Basal cell carcinoma almost never spreads (metastasizes) beyond the original tumor site. Only in exceedingly rare cases can it spread to other parts of the body and become life-threatening. It shouldn’t be taken lightly, though: it can be disfiguring if not treated promptly. www.skincancer.org

Research showed that Mohs surgery is the gold standard treatment for basal cell carcinoma.

The procedure is done in stages, all in one visit, while the patient waits between each stage. After removing a layer of tissue, the surgeon examines it under a microscope in an on-site lab. If any cancer cells remain, the surgeon knows the exact area where they are and removes another layer of tissue from that precise location, while sparing as much healthy tissue as possible. The doctor repeats this process until no cancer cells remain. www.skincancer.org

Once the cancer has been eradicated, the damaged part is reconstructed.

A week before surgery, I stopped taking tumeric and baby aspirin. These are blood thinners, and could cause uncontrollable bleeding during surgery.

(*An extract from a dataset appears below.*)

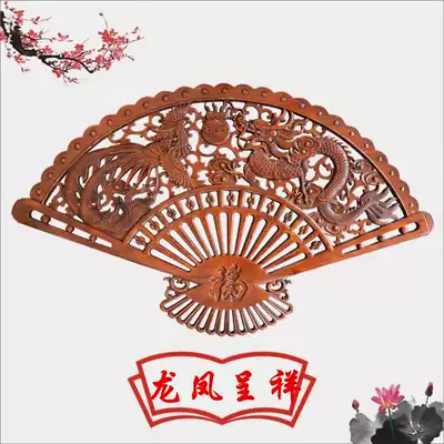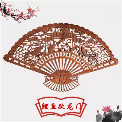 Wood carving pendant solid wood 1 m carving porch partition Chinese decoration camphor wood fan wall hanging living room decoration painting

On the appointed day, I arrived at the dermatologist’s busy office for the outpatient procedure. Nurses and assistants took me to an operating room, put me in a green sterile gown, and took photos of the tumor to establish medical necessity for insurance.

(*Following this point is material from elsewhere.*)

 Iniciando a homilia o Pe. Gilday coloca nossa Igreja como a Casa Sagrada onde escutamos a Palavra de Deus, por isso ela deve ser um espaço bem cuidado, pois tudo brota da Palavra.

The dermatologist arrived and examined my ear. We chatted as she injected numbing agent and waited for it to take hold.

I asked why basal cell carcinomas are removed, since they don’t metastasize. “This one is infiltrative,” she said. “I’ve seen a lot of these. It could go into the brain.” I think she was pulling my leg a bit, but I’ve seen horrible photos of untreated basal cell carcinomas, and was glad to be getting rid of mine.

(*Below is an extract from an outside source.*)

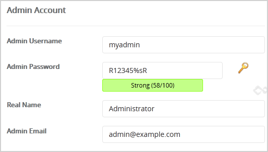 8. Under the "Admin Account" field enter the following information:

She poked around the area with something sharp. “Does that hurt?” It didn’t, so she started cutting.

I felt nothing as the dermatologist pruned my ear. She told me it would take about an hour to analyze the removed tissue, and asked me to sit in the waiting room in the meantime.

I was prepared with my iPad and other reading material. The Dermatology Channel was playing on the TV.

As I sat in the waiting area I chatted with other patients, many of whom looked like they worked outdoors, and who had skin lesions and bandages. Several had been in for surgery annually.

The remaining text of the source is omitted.